On the topic of formation. Everything we do forms us. I cannot say enough about that concept. It’s the reason we don’t have a TV in our living room. It’s the reason we just don’t watch much TV at all outside of sports (and there’s a good argument to be made to not do that either!). There is very little TV that is worth watching and if the Christian life is about a life of holiness, allowing TV to form our minds is completely counterproductive to our salvation. There’s a common notion today, and even among some Orthodox, that watching programming or movies that are, let’s use the word “unfit” for now, that in doing so and seeing the “redeeming qualities” within them, then it gives validity to watching that programming.

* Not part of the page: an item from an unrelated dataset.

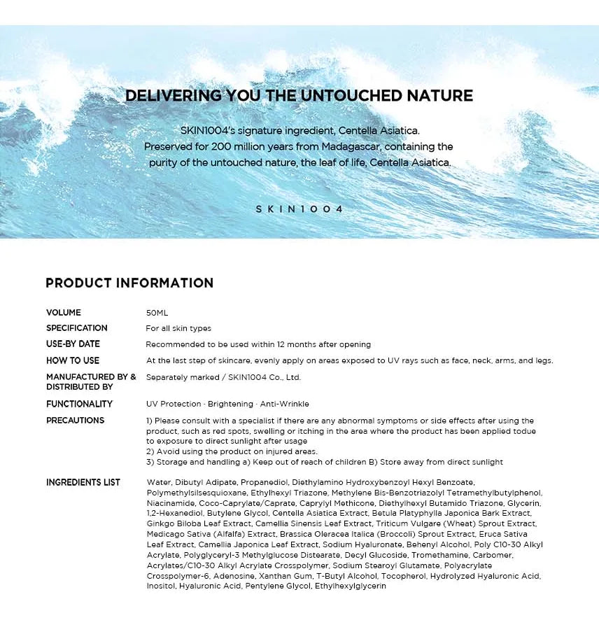 Water, Dibutyl Adipate, Propanediol, Diethylamino Hydroxybenzoyl Hexyl Benzoate, Polymethylsilsesquioxane, Ethylhexyl Triazone, Methylene Bis-Benzotriazolyl Tetramethylbutylphenol, Niacinamide, Coco-Caprylate/Caprate, Caprylyl Methicone, Diethylhexyl Butamido Triazone, Glycerine, 1,2-Hexanediol, Butylene Glycol, Centella Asiatica Extract(9800PPM), Betula Alba Bark/Leaf Extract, Ginkgo Biloba Leaf Extract, Camellia Sinensis Leaf Extract, Triticum Vulgare Sprout Extract, Medicago Sativa Leaf Extract, Brassica Oleracea Italica Sprout Extract, Eruca Sativa Leaf Extract, Camellia Japonica Leaf Extract, Sodium Hyaluronate(10PPM), Behenyl Alcohol, Poly C10-30 Alkyl Acrylate, Polyglyceryl-3 Methylglucose Distearate, Decyl Glucoside Tromethamine, Carbomer, Acrylates/C10-30 Alkyl Acrylate Crosspolymer, Sodium Stearoyl Glutamate, Polyacrylate Crosspolymer-6, Adenosine, Xanthan Gum, t-Butyl Alcohol, Tocopherol, Hydrolyzed Hyaluronic Acid(1PPM), Inositol, Hyaluronic Acid(0.01PPM), Pentylene Glycol, Ethylhexylglycerin

I used to think this way myself. I watched all seven of the SAW movies. And I considered it a spiritual exercise, justifying it by dwelling on the passage in which Christ says “fear not what man can do to you, but fear he who can cast you into hell”. There’s a certain logic there, but to consume 14 hours of nothing but pure violence to get there really defeats the purpose because you’ve dehumanized and calloused your conscience in doing so. When we came into the Church, our priest asked me to stop watching horror movies every autumn. I had a really hard time with that at first, but then one day I wanted to watch one and started scanning titles on netflix. The simple sight of the covers of each movie made my stomach turn and I couldn’t bear to watch one. Thank God I still have not; I’m 3 years horror movie sober!

“Finally brothers, whatever is true, honorable, just, pure, lovely, commendable; if there is any excellence, if there is anything worthy of praise, think about these things”

–St Paul


I mostly avoid social media because it is agitating and self aggrandizing. And I fall prey to both. But something really did bother me on it this week. An old friend of mine, who i’ve not seen in a few years is a decorative gardener and he happened to have a hammer and a sickle on his tool bench as a he was preparing for his next job. He took a photo of it in the way it is presented in Communist propaganda and made a comment about “great iconography”. And this really burned me because I know him enough to know he’s insinuating that Communism really is a good idea. I suppose an ideology that only murders and tortures those it subjects is a good idea… I suppose an ideology that is responsible for more deaths than Nazism is a good idea. Why the hell is it that Nazism is properly denounced but Communism is somehow seen as noble? They are both awful, murderous ideologies fit to be condemned and rejected by anyone who has a properly working conscience.

I was also thinking a lot about the concept of Islamophobia this week. I never fully bought into the idea that there is such a thing, but I was also willing to defend the idea that it’s possible that there is. I’ve made a full rejection of the idea that that’s possible based on the argumentation of Gad Saad and now also having had that further backed up by hearing the stories of an Egyptian Orthodox Christian who goes to our Church now. He moved his family from Egypt to the States because being a Christian (or anything non-Muslim) in a Muslim majority country is an unbearable existence under this inherently violent religion. He and his wife regularly had stones thrown at them as they walked down the street by Muslim children. There is constant threat of a suicide bomber coming into a Church amongst other things. Those who say “oh but Islam is a peaceful religion” are willfully blind to reality. It is true that a large percentage of Muslims do not get violent, but they are simply not practicing their religion. And thank God for that.